Economy, Shifts to Online Create Drag on Mainstream Media Advertising
The top 100 U.S. advertisers increased their ad spending by just 1.7% in 2007, according to the latest Ad Age 100 Leading National Advertisers report. That’s lower than the 2.2% inflation rate.
The only strong growth category among the 100 LNA was online advertising. Online display advertising grew 33% among the 100 companies, increasing by more than $1 billion to $4.185 billion. That billion dollars came right out of traditional media coffers; newspaper advertising dropped $674 million while television advertising fell more than $400 million.
You can see the path of the dollars directly with some of the advertisers. General Motors cut their television spending by nearly $175 million, while increasing their Internet ad spend by $93 million. Ford spent an additional $64 million online, while cutting their TV budget by roughly the same amount.
And it’s likely that the trend will accelerate in 2008. Automotive slipped to #2 in total ad spending (behind retail) in 2007, but still accounted for $18.7 billion out of the $149 billion for the 100 LNA. Struggling US automakers General Motors, Ford and Chrysler account for a quarter of that total. And that was before $4 gas prices. I don’t imagine we’ll see huge ad spends for Hummers and F150 pickups the rest of this year or in the foreseeable future. The Olympics and the elections may soften the blow somewhat for television but that's not enough to reverse the trend.

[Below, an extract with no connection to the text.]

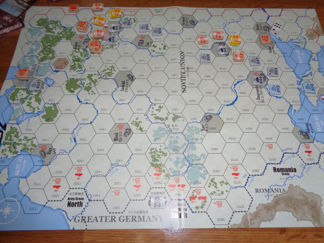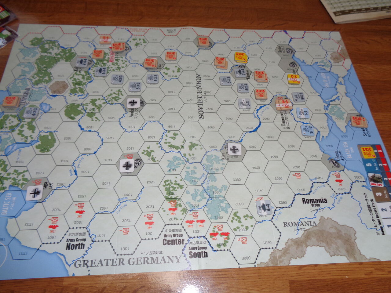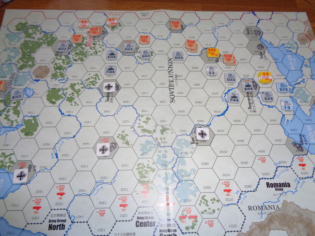 第1ターン、北方では力押しの攻撃で戦線を食い破り、装甲軍集団が背後に展開、ほとんどのユニットを補給切れで除去します。南方もルーマニア化の攻撃が成功し、包囲により前線部隊を排除します。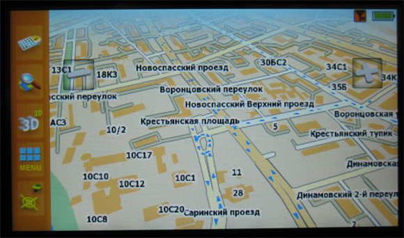 Поставил его в машину, поездил несколько дней по Москве. Работой навигатора остался, в общем, вполне доволен: адрес вводится легко и быстро; есть несколько вариантов прокладки маршрута; автоматическое изменение маршрута в случае отклонения от заданного; у карт очень хорошая детализация, включающая даже дворовые проезды; есть режимы 2D и 3D. Что не очень понравилось - явно замедленная реакция устройства на касания кнопок изменения масштаба. Впрочем, это переживаемо.

Meanwhile, the online segment seems to be holding its own for now. The Internet Advertising Bureau’s Q1 numbers showed an 18% year-over-year gain, though the total spend of $5.8 billion was slightly lower than the record $5.9 billion for Q4 of 2008. (Note: the IAB figures include all web advertising, while the Ad Age/TNS numbers are for display ads only and exclude search advertising). While I expect the online display advertising growth rate to slow during 2008, it’s measurability and adaptability suggest that advertisers will shift more of their total spend to online in this tough economy. And that can't be good news for the newspaper and television industries.